The Scarlet City
- First edition (Dutch)
- Author: Hella S. Haasse
- Original title: De scharlaken stad
- Translator: Anita Miller
- Language: Dutch
- Publisher: Academy Chicago Publishers (English)
- Publication date: 1952
- Publication place: Netherlands
- Published in English: 1990
- Pages: 367
- ISBN: 0-89733-349-7

= The Scarlet City =

1952 novel by Hella S. Haase

The Scarlet City is a 1952 historical fiction novel written by Hella S. Haasse and originally published as De scharlaken stad. The novel was translated into English in 1990.

==Summary==

The novel is set primarily in sixteenth century Italy, when Francis I attempted to establish the French in the country, just like his predecessors Charles VIII and Louis XII. Clement VII is Pope at the time that most of the events take place. It features Giovanni Borgia, the Infans Romanus of the House of Borgia. He has no clue who his true father is, and is determined to make a name of himself in order to overcome his unknown paternity.

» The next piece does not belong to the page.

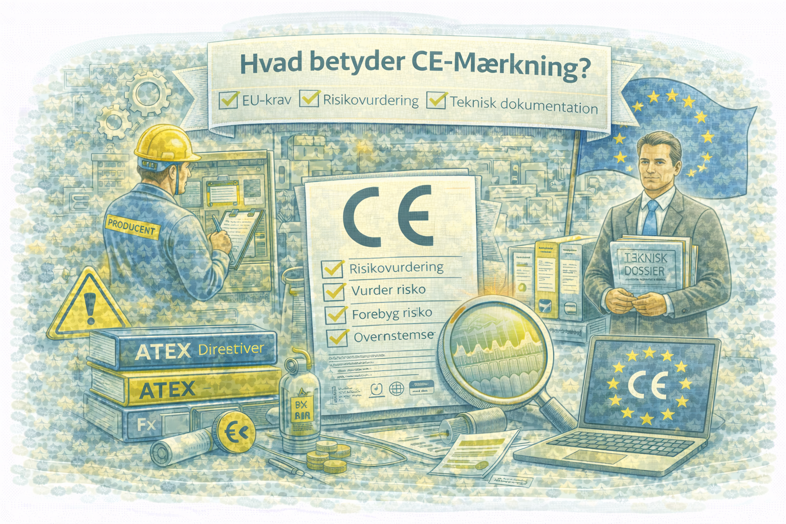 Hvis du importerer, fremstiller, sammenbygger, væsentligt ombygger eller stiller en maskine eller et produkt til rådighed for andre, har du pligt til at sikre korrekt og lovlig CE-mærkning. CE-mærkning kan udføres internt, forudsat at der er indgående kendskab til relevante direktiver og forordninger, forståelse for produktets opbygning samt styr på risikovurdering og dokumentation.

Vittoria Colonna is also another prominent character featured in the story. In an unhappy marriage to the Marquis of Pescara, she finds solace in the teachings of Gian Matteo Giberti and Caterina Cibo, wife of Giovanni Maria Varano.

Other historical figures that appear throughout the story include Niccolò Machiavelli and Michelangelo Buonarotti.